Digital Audio Recording Terminology Explained
Digital Recording Concepts and Terms
This document defines key terms and concepts essential for understanding digital audio recording and computer hardware in audio production.
Sample Rate
The number of samples of an audio signal taken every second. Standard audio CD format has a sample rate of 44,100 samples per second, often notated as 44.1 kHz.
Nyquist Theorem
The principle stating that a sample rate must be at least twice as high as the highest frequency being sampled in order for that frequency to be accurately reproduced.
Bit
A single unit of computer data, representing either a 0 or a 1.
Bit-Depth
The number of bits of data used to record the position (amplitude) of an audio signal in one sample. The more bits used, the more accurate the recording. For example, 1 bit allows for 2 possible values, 2 bits for 4 values, and 3 bits for 8 values. It determines the precision with which the amplitude (fluctuation and voltage) of the audio signal is recorded.
Quantization
The process of moving the recorded value of a voltage to the nearest discrete value that can be recorded, based on the bit-depth of the recording process.
Dither
The process of adding a small amount of white noise to a signal just prior to it being digitized. This small amount of error can offset the effects of the inaccuracy of digital recording caused by quantization, improving perceived audio quality.
RAM (Random Access Memory)
The region in which the data that the computer needs for the processes it is currently running is stored. This is short-term, volatile memory that is purged as soon as the process is ended. Historically, RAM was purchased in megabyte (MB) chips, but modern systems require gigabytes (GB) for optimal performance. Digital Audio Workstations (DAWs) usually require a large amount of RAM as sound files take up a lot of space, and there can be no disruption of the flow of audio in or out of the sound card, or there will be audible errors during recording or playback.
HD (Hard Drive)
This is the device on which the computer’s operating system, software, and files are stored.
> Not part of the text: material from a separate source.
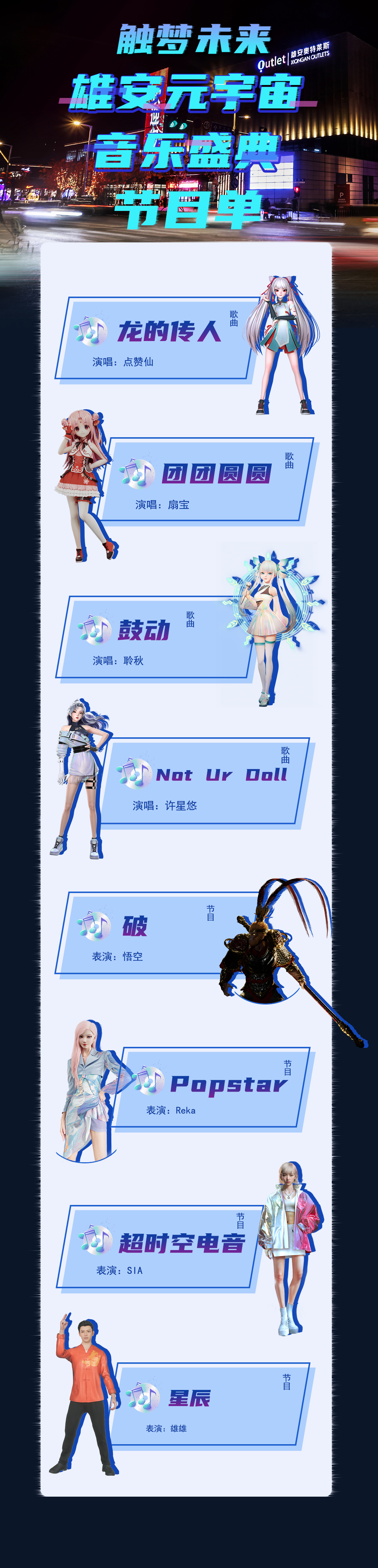 此次音樂花燈會(huì)活動(dòng)分為“觸夢未來·雄安元宇宙音樂盛典”“雄安新區(qū)元宇宙元宵燈會(huì)”“人工智能體驗(yàn)區(qū)”“文創(chuàng)展區(qū)”4大主題內(nèi)容。其中,“觸夢未來·雄安元宇宙音樂盛典”將于2月23日至25日每天19:00開場,本次音樂盛典將結(jié)合VR(虛擬現(xiàn)實(shí))、AR(增強(qiáng)現(xiàn)實(shí))、裸眼3D、數(shù)字虛擬主持人等前沿科技,突破傳統(tǒng)音樂會(huì)形式,帶給觀眾以沉浸式的音樂體驗(yàn)。
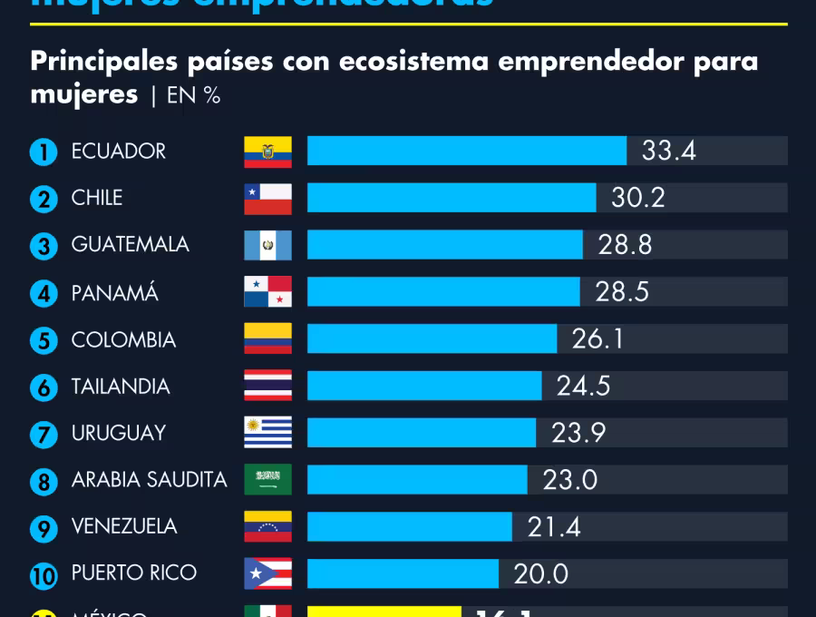 Países con mayor porcentaje de mujeres emprendedoras: Ecuador lidera, México rezagado

Generally, it consists of a series of small magnetic platters (discs) that store data as a series of magnetic polarities. Optimal audio computer design often involves storing the operating system and software on a primary drive (e.g., C: drive) and all audio files on separate, dedicated drives.
Linear Editing/Recording
A recording and editing process, such as onto tape, that does not allow the user to move tracks around in time or relative to one another. Edits are permanent and sequential.
Non-Linear Editing
An editing system that allows recordings to be manipulated in time, either as a block or by individual tracks. Tracks can be copied, pasted, or dragged, offering flexibility and non-destructive workflows.
Destructive Editing
Involves actual data manipulation and alteration, such as cloning. It should usually be performed on a copy of the original RAW data, as the changes are permanent. This method often requires more storage space for copies.
Non-Destructive Editing
Includes the ability to perform edits on a single file (not a copied file) while retaining the option to revert to the original. Edits are stored on”sideca” files or equivalent data structures, but never affect the original bits of the RAW data. This method often benefits from a faster processor to apply edits in real-time.
Bit Error
A single piece of data is corrupted. Error correction often involves redundancy, which sends the same information more than once to avoid or correct the error.
Burst Error
Many samples or large chunks of music are corrupted. Error correction methods include Interpolation, which estimates missing data to form a continuous signal, and Interleaving, which rearranges data to reduce the impact of consecutive errors.
RAID
Is the acronym for Redundant Array of Independent Disks, a data storage virtualization technology that combines multiple physical disk drive components into one or more logical units for the purposes of data redundancy, performance improvement, or both.
RAID 0
A striping solution: provides no redundancy or data protection from the failure of any disk. RAID 0 achieves faster data access by splitting or”stripin” the recorded data across all drives in the array, improving read/write times and effectively spreading the load.
RAID 1
A mirroring solution: All data is recorded on not just one but two identical drives, so that two copies exist at all times. If one drive fails, the exact copy on the other continues to function and no data is ever lost. It effectively presents both drives as a single logical drive. While highly reliable for data integrity, it halves the usable storage capacity.
Hybrid System (RAID 0+1 or RAID 1+0)
Combines striping and mirroring. It offers high performance and data redundancy, ensuring data is not lost, but typically requires more drives, power, and cost compared to single RAID levels.